Colleen de Araujo : sa « haine » contre Nordahl Lelandais
L’épreuve du procès est de taille pour la famille. Pendant les trois semaines d’audience, devant la cour d’assises de l’Isère, ils sont confrontés à nouveau aux détails les plus insoutenables sur la mort de la fillette, et surtout, au regard de son meurtrier.
Dans le box, Nordahl Lelandais livre des explications qui sont loin de convaincre Colleen.
« J’ai haï tous ses mots, toutes ses excuses sans remords », a-t-elle lâché dans Paris Match.

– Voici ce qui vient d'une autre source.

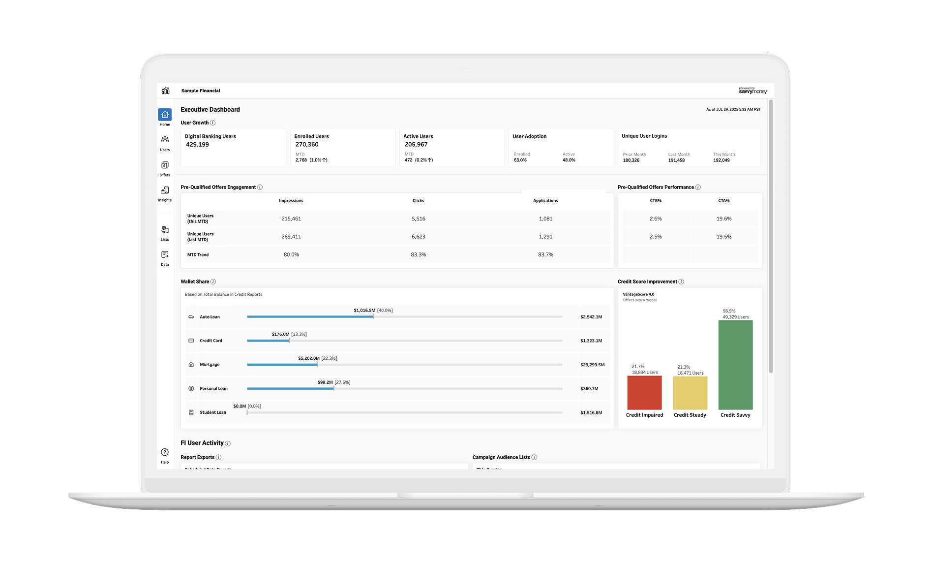 With SavvyMoney, we’re able to quickly translate credit data into targeted campaigns. Members have been receptive to our offers especially when they can see the personalized savings we can offer.

L’adolescente avait ému -et impressionné - la cour en invectivant directement le suspect, alors qu’elle témoignait à la barre. Elle avait alors lancé, pleine d’assurance, ces mots en direction de l’accusé :
« Regardez-moi et répondez à ma question : qu’est-ce qui vous empêchait de dire où elle était pendant ces six mois ? Pour nous, c’était de la torture. Dites-nous si vous l’avez violée ? Et quels ont été ces derniers mots sur cette terre ? »
Dans Paris Match, Colleen est revenue sur ce moment fort et cathartique : « c’est essentiel pour moi de savoir pourquoi il a tué ma sœur. Mais le principal est de lui avoir parlé et posé ces questions. Je ne crois pas en ses fausses excuses, ni en ses différentes versions, et pas en ses larmes ».
L’adolescente a poursuivi : « C’était sidérant, aussi, de l’entendre nous dire : “Vous n’y êtes pour rien.” Ah ! On n’est pas responsables ? Comme il est gentil ! C’était le pompon. On se demande où il va chercher tout ça. Il n’a jamais été convaincant. Aucune empathie, aucune conscience. C’est sans doute pour cela qu’il a pris trente ans. »
Pour elle, Nordahl Lelandais est un personnage « sans courage », un « déchet ».
Aujourd’hui, près de deux mois après le procès, Colleen tente de se reconstruire, difficilement. « J'ai le contrecoup de tout, maintenant. Je me fais aider », a livré la jeune adolescente au magazine.